Clearly, as multiplicity increases, the feasibility of performing individual titration runs for each barcoded library decreases. As an alternative to titration, amplification efficiencies of individual libraries can be evaluated prior to pooling and emulsion PCR, by quantitative12,13 or digital14 PCR. However, these approaches increase the workload in a linear fashion and do not completely mimic multiplex amplification, notably optimized amounts of particular libraries determined by qPCR may be far from ideal when the libraries are being simultaneously, competitively amplified7. Multiplex amplicon sequencing is also subject to biases, similar to those that affect shotgun procedures, which is of particular concern when the strategy is applied to samples representing a few, or single, cells2,15.
To address these problems we have developed a protocol for simultaneous normalization of multiplex products carrying different barcodes based on the Roche/454 sequencing platform.
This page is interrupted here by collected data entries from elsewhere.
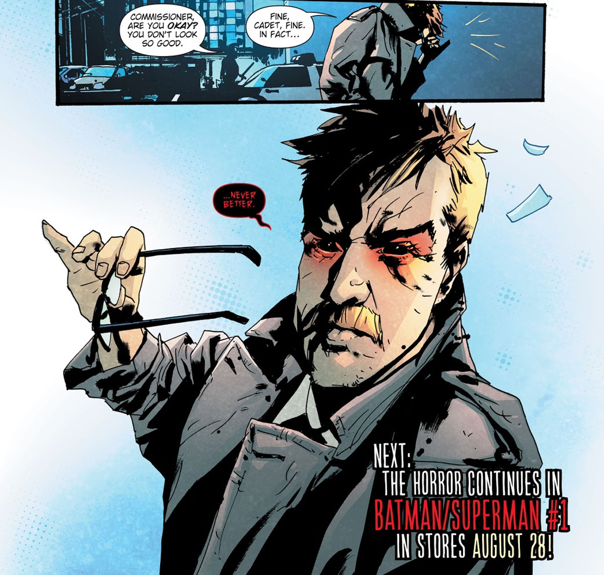 This week, Batman’s rematch with his evil counterpart, the Batman Who Laughs left the real Dark Knight victorious. However, the Batman Who Laughs may have gotten the last laugh in this case. On the final page, Scott Snyder and the artist known as Jock revealed that Commissioner James Gordon has been corrupted by the Batman Who Laughs. And Gordon has successfully hidden his new allegiance from everyone.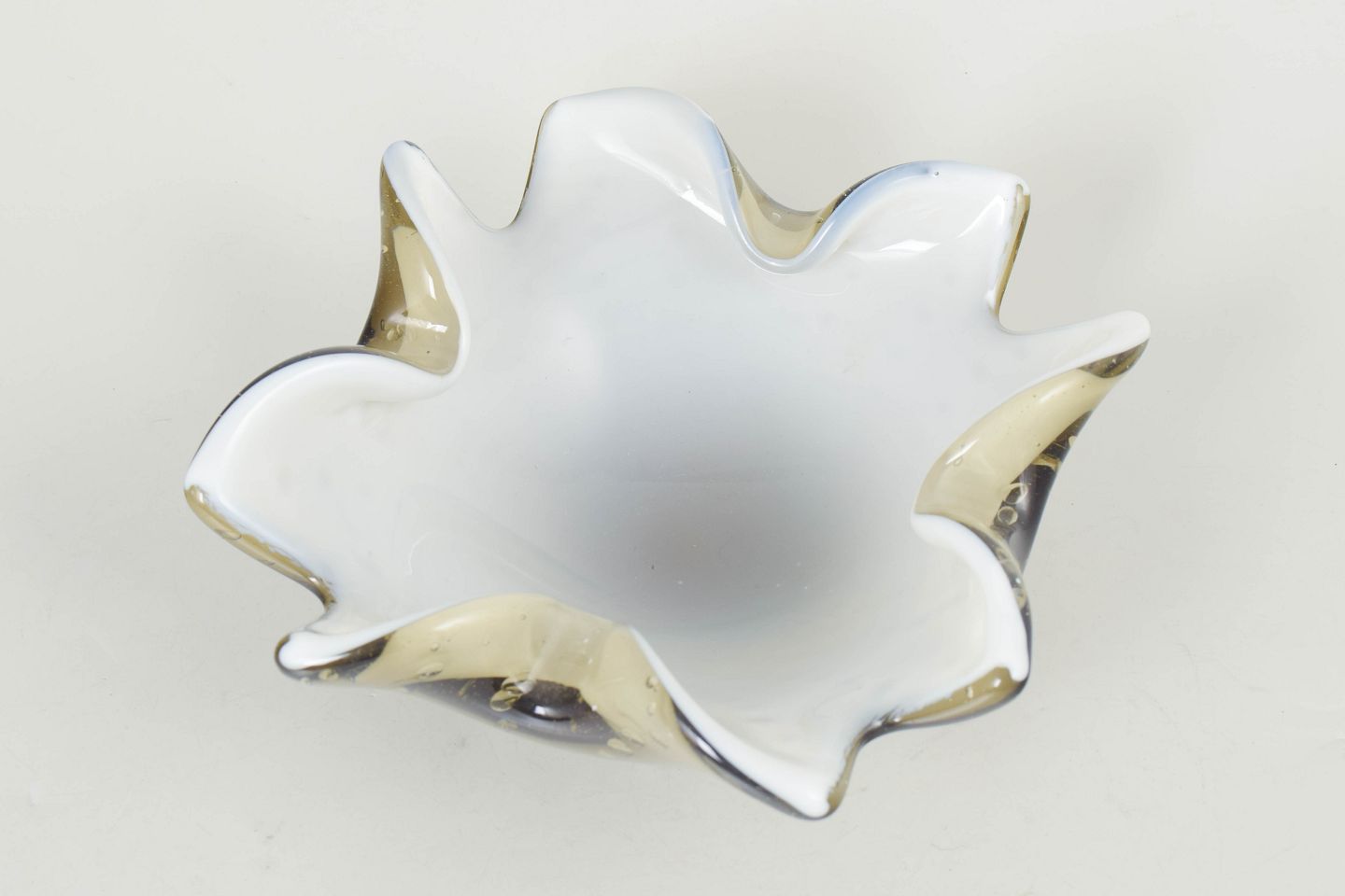 Murano art glass bowl.Decorative mouth-blown bowl with organic form, undulating rim and controlled air bubbles in clear and golden glass.
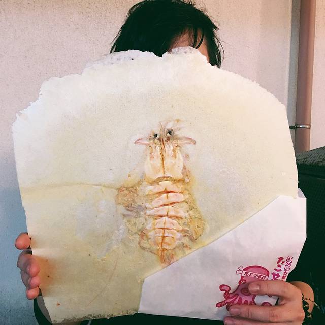 比脸大系列,一整只虾放在里面,不过好像最有名的是她家另外一种放鱿鱼的,我买错了……不过也挺好吃的,虾味很足,脆脆的。

The procedure extends a technique we previously described — flow cytometric analysis and sorting of emulsion PCR beads10,16 — by applying color-coded labeling to differentiate between multiplex reaction products. For this purpose, barcoded fragments from multiple targets are fluorescently tagged, thus enabling normalization of sequence read frequencies of the libraries, with simultaneous enrichment of DNA-covered beads. We report here a proof-of-principle experiment demonstrating that an amplified sample containing four multiplexed libraries with uneven frequencies can be flow-sorted at high speed, to obtain an even distribution of sequence reads from all four DNA libraries. Moreover, we show that the flow cytometric sorting protocol results in considerable increases in both sequence read quality and average read lengths.
Results
We designed a protocol for barcode-specific enrichment of emulsion PCR beads, enabling normalization of different libraries. The technique is outlined in Figure 1 . Complementary oligonucleotide probes for samples carrying specific Multiplex Identifier (MID)-tags for Roche/454 sequencing were designed. The length of these tags is 10 bp, which is too short to give efficient labeling for flow cytometry. Thus, to obtain probes that were sufficiently long for robust hybridization we used probes that overlapped the common 4 bp key sequence and 2 bp of the general sequencing primer site, as illustrated in Figure 2a . This gave us 16 bp long unique, color-coded oligonucleotides that could be used for labeling barcoded DNA-capture beads, with good resolution. MID3 was omitted based on earlier findings that this MID sequence considerably decreased the amplification efficiency of its library7. Hence, probes were designed to match MID 1, 2, 4 and 5. Color-coded probes are depicted in Figure 2b .
Labeled beads were flow-sorted in a Boolean manner, using linked sorting gates to ensure that collected beads were positively labeled with one fluorescent dye and yielded only background signals in the other fluorescent channels ( Fig. 2c ). This was done to remove beads carrying more than one amplified barcode on the surface and thus avoid loading these unreadable mixed beads in the sequencing plate. Equal amounts of each type of MID-tag bead were collected by flow-sorting ( Fig. 3a ) and re-analysis of aliquots of the sorted bead samples showed purities of approximately 98%. Collected beads were pooled and labels were removed by alkali washing. Figure 3b show micrographs of labeled beads before and after flow-sorting.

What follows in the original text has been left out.